▸ **Task**
Copy the lines from the start of the records below through the line containing "Boho Beach Wedding", both included, and leave out the pictures.

Records from a collection

=-=-=

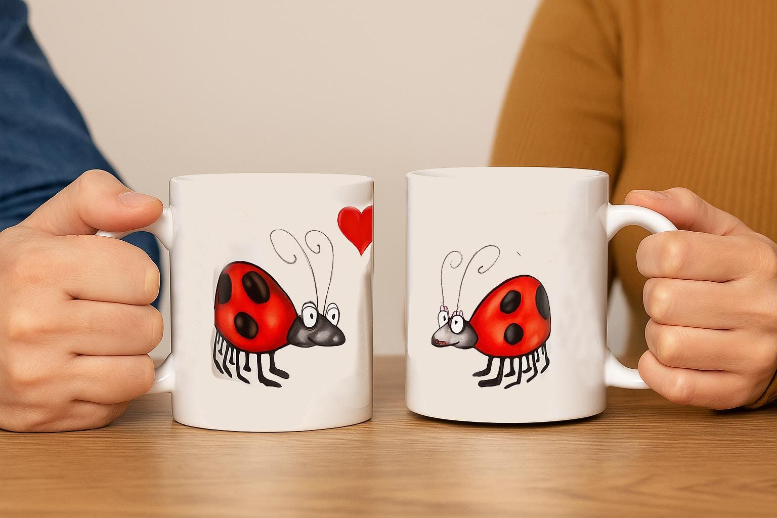 Η ζωγραφιά απεικονίζει δύο πασχαλίτσες που κοιτάζονται τρυφερά, προσφέροντας μια ζεστή αίσθηση αγάπης και οικειότητας.
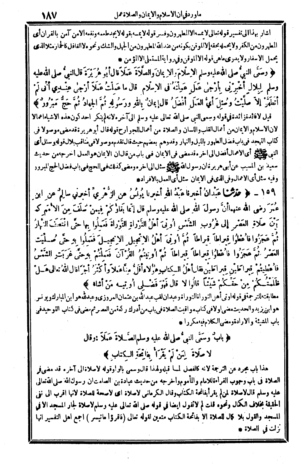 وسَمَّى النبيُّ الإسْلاَمَ والإيمَانَ والصَّلاَةَ عَمَلاً قَالَ أَبُو هُرَيْرَةَ: قَالَ النبيُّ لِبِلالٍ أخْبِرْنِي بِأرْجاى عَمَلٍ عَمِلْتَهُ فِي الإسْلاَمِ قَالَ: مَا عَمِلْتُ عَمَلاً أرْجاى عِنْدِي أنِّي لَمْ أتَطَهَّرْ إلاّ صَلَّيْتُ، وسُئِلَ: أيُّ العَمَلِ أفْضَلُ؟ قَالَ: إيمانٌ بِالله ورَسُولِهِ ثُمَّ الجِهادُ ثُمَّ حَجٌّ مَبْرُورٌ
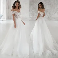 Boho Beach Wedding Dress Off The Shoulder V-Neck Appliqued Bride Dresses A Line Elegant Lace Wedding Bridal Gowns Bohemian
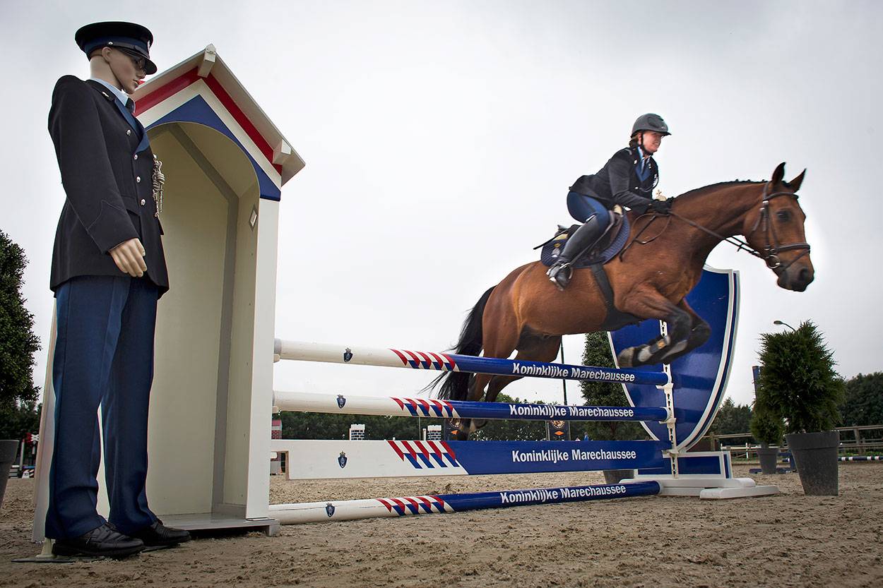 Geen eigen paarden, wel een eigen hindernis. Het was oud-commandant Koninklijke Marechaussee Hans Leijtens die tijdens zijn laatste Prinsjesdag in 2015 een KMar-hindernis cadeau deed aan de Bereden Brigade KMar. Jelle Rutgers ontwierp en bouwde de houten hindernis, die geschikt is voor alle (inter)nationale wedstrijden. In Maassluis werd de zogenoemde asymmetrische KMar-hindernis in gebruik genomen. Rutgers: "Ik ben als burger dankbaar voor het werk dat de Marechaussee verricht. Ik ben trots dat ik dit heb mogen maken. Die dankbaarheid en trots heb ik in deze hindernis gestopt…"
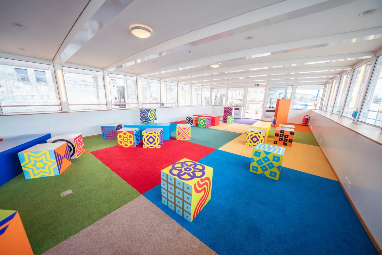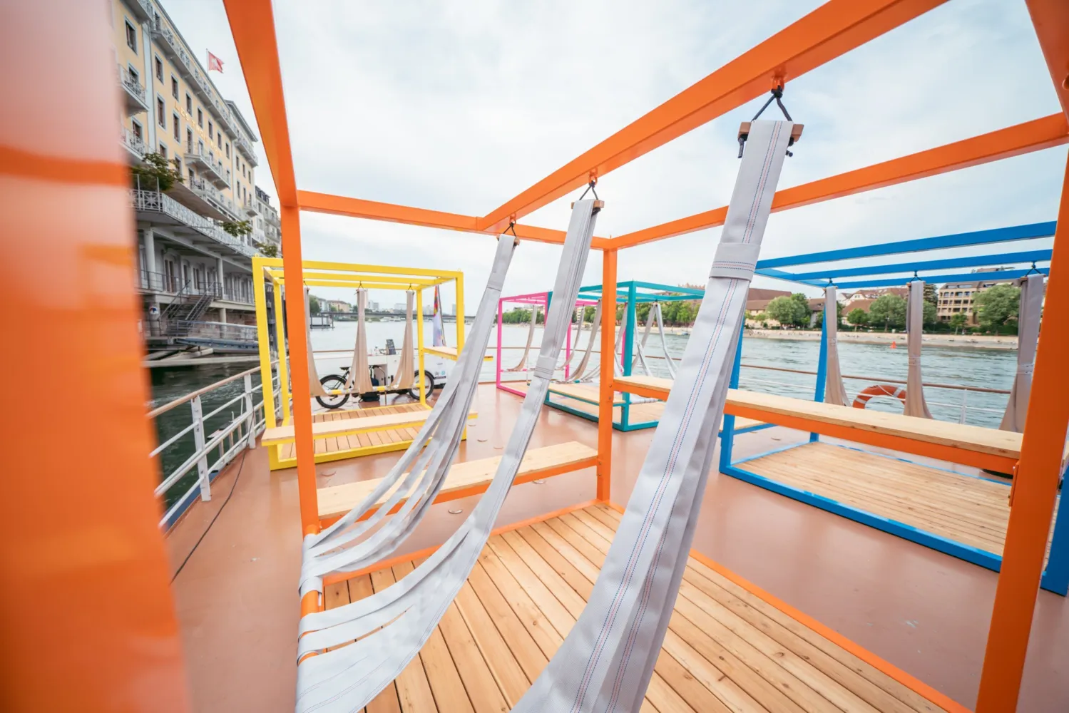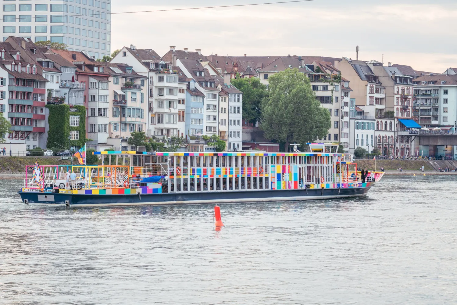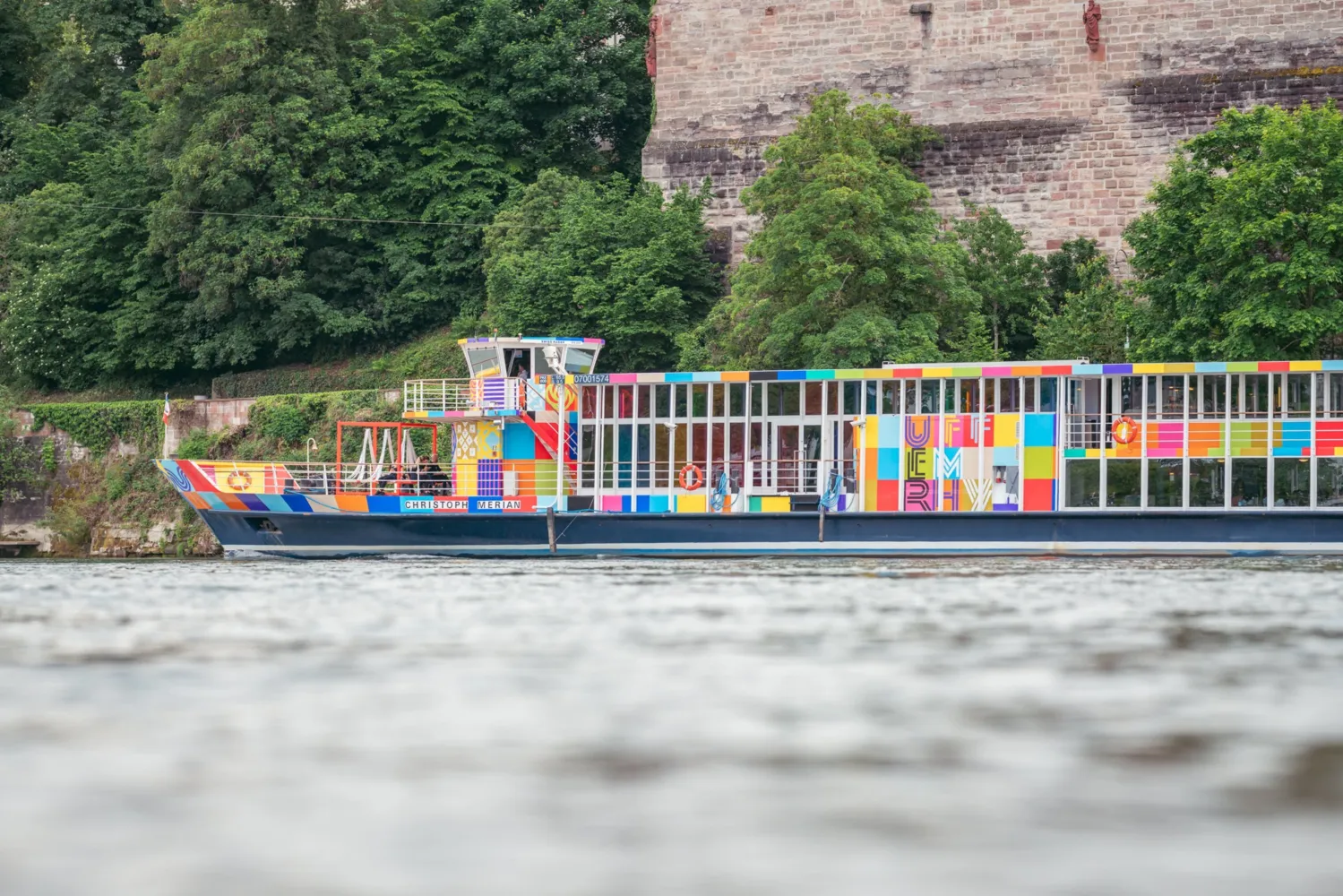 Der bunte Look des einstmals sachlich eleganten Schiffs mit Baujahr 1992 sorgt auf beiden Seiten des Rheins für aufgeregtes Fotografieren, denn tatsächlich ist das Umstyling der MS Christoph Merian etwas verrückt: Das Schiff der Basler Personenschifffahrt wurde komplett mit Folien beklebt, was nicht nur von aussen für lachende Gesichter und Staunen sorgt, sondern vor allem von innen, von wo aus die Stadtkulisse in allen möglichen Flâneur-Farben an einem vorbeizieht.
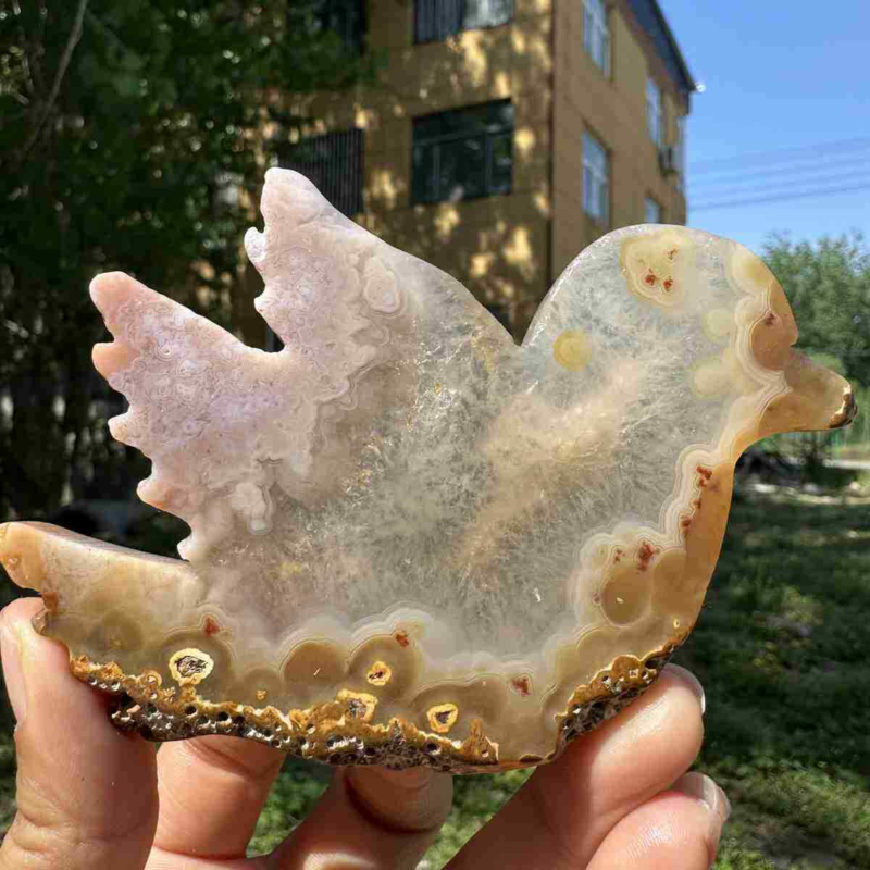 130g natural agate hand carved bird skull quartz crystal cluster reiki
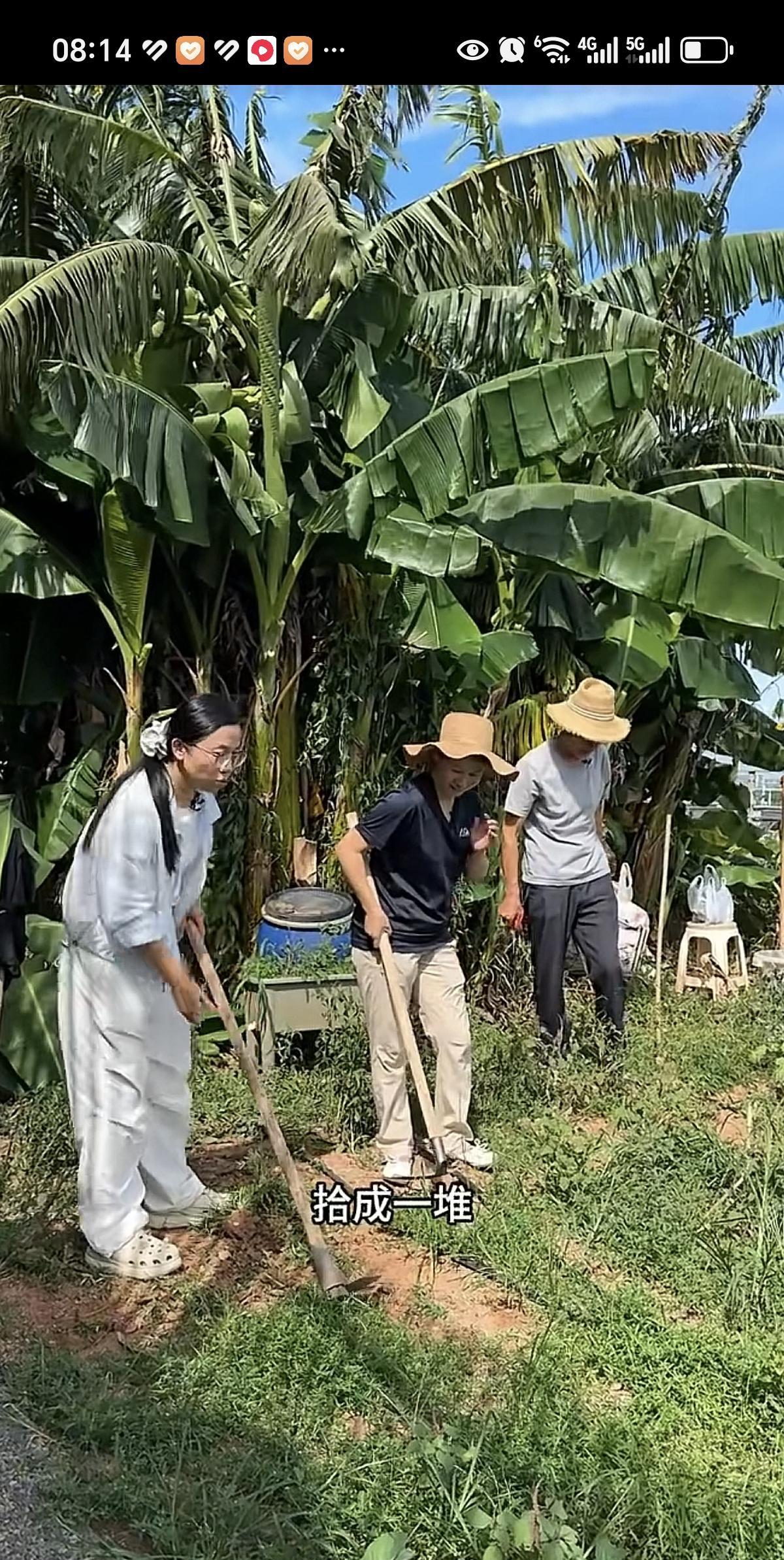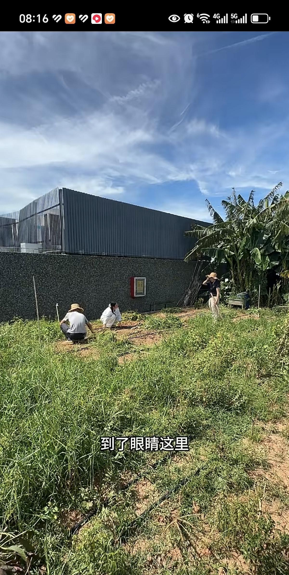 红姐跟着来小娜和老爹菜地干活,评论区又炸锅了[捂脸]。 老爹一回深圳,就赶紧来菜地看看,没有人打理的菜地,长满了杂草。 今天他们仨干的活就是除草了。 红姐话比较密,小娜和老爹闷头干,话少[呲牙]。 红姐一会儿问有没有手套,一会儿说怎么那么多汗,深呼吸,干这个活,在太阳下是比较累容易流汗的。 然后红姐提出应该早上六点来菜地干活,老爹说那明天我六点喊你起来,能不能起来? 红姐又说可以,但是要晚上八点她就能够回房睡觉[大笑]。 因为这句,评论区又炸锅了,有说红姐会养生,在深圳能晚上八点就睡觉的人太少了,有说红姐一天要睡十个小时,睡眠太好了等[捂脸]。 红姐果然是能吸引流量的[大笑]。
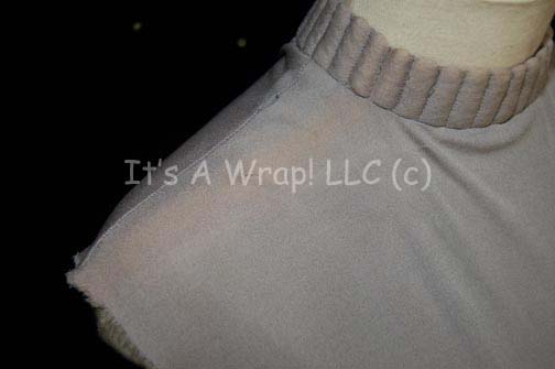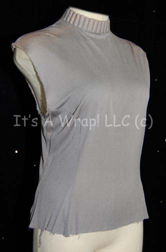 Description: A costume item featured in various Star Trek feature films. This item is a sleeveless, Starfleet uniform undershirt in Operations gray with a ribbed collar and zip down the back. A costumer’s tag reads ‘Uhura, N. Nichols’.
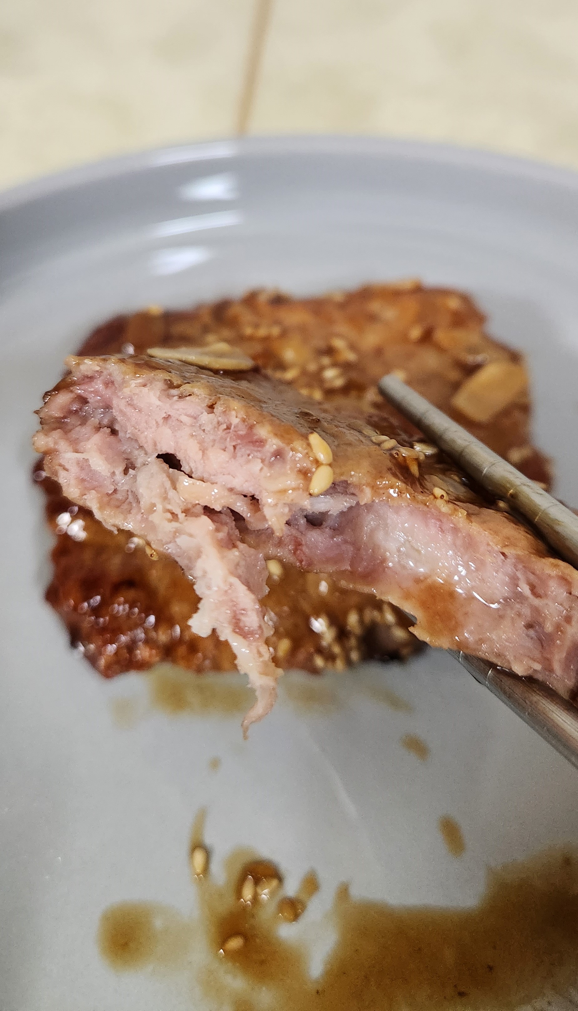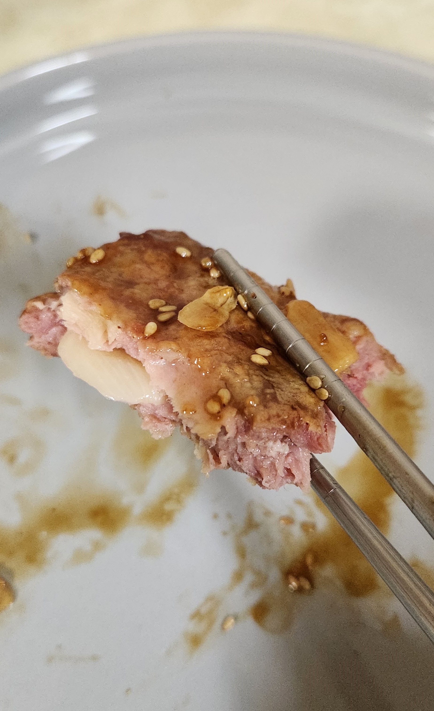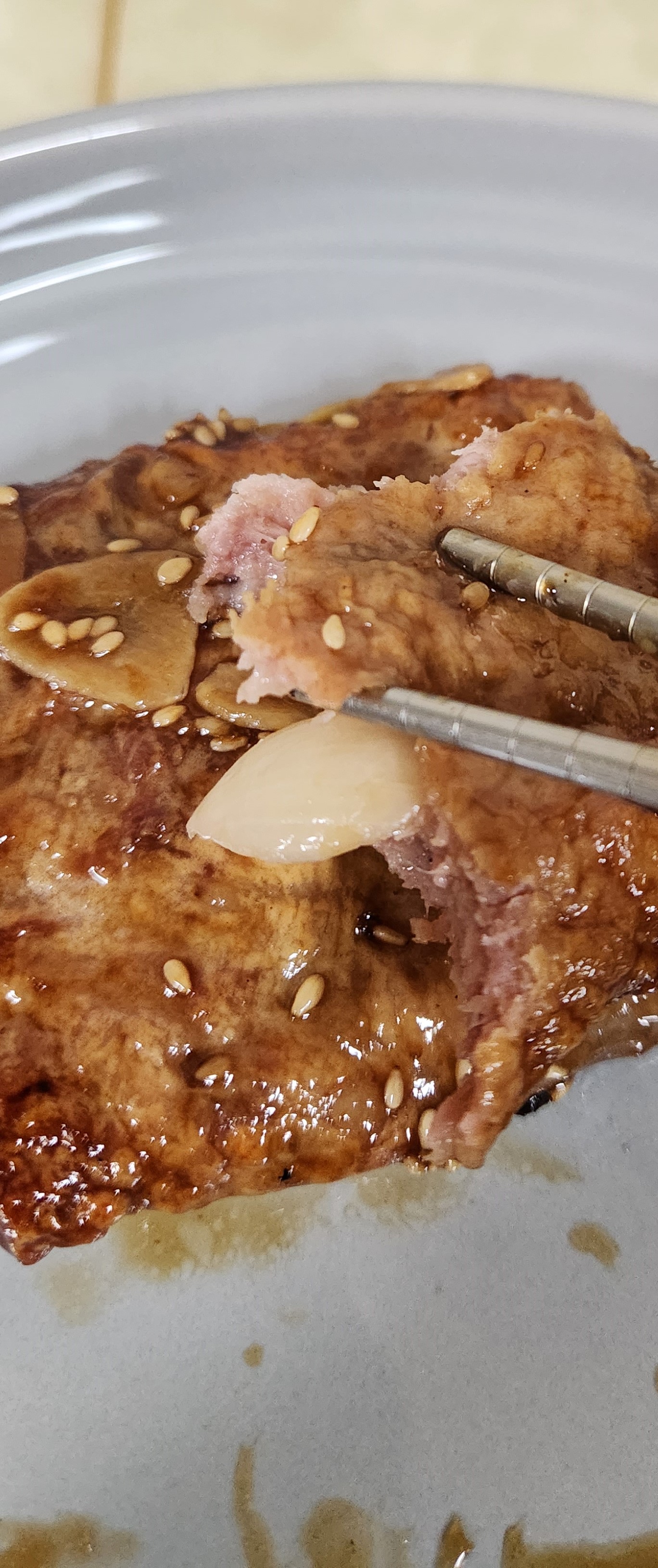 두번째 떡갈비 안에서도 마늘슬라이스가 하나 나왔다.

=-=-=

▸ **Problem solution**
 Η ζωγραφιά απεικονίζει δύο πασχαλίτσες που κοιτάζονται τρυφερά, προσφέροντας μια ζεστή αίσθηση αγάπης και οικειότητας.
 وسَمَّى النبيُّ الإسْلاَمَ والإيمَانَ والصَّلاَةَ عَمَلاً قَالَ أَبُو هُرَيْرَةَ: قَالَ النبيُّ لِبِلالٍ أخْبِرْنِي بِأرْجاى عَمَلٍ عَمِلْتَهُ فِي الإسْلاَمِ قَالَ: مَا عَمِلْتُ عَمَلاً أرْجاى عِنْدِي أنِّي لَمْ أتَطَهَّرْ إلاّ صَلَّيْتُ، وسُئِلَ: أيُّ العَمَلِ أفْضَلُ؟ قَالَ: إيمانٌ بِالله ورَسُولِهِ ثُمَّ الجِهادُ ثُمَّ حَجٌّ مَبْرُورٌ
 Boho Beach Wedding Dress Off The Shoulder V-Neck Appliqued Bride Dresses A Line Elegant Lace Wedding Bridal Gowns Bohemian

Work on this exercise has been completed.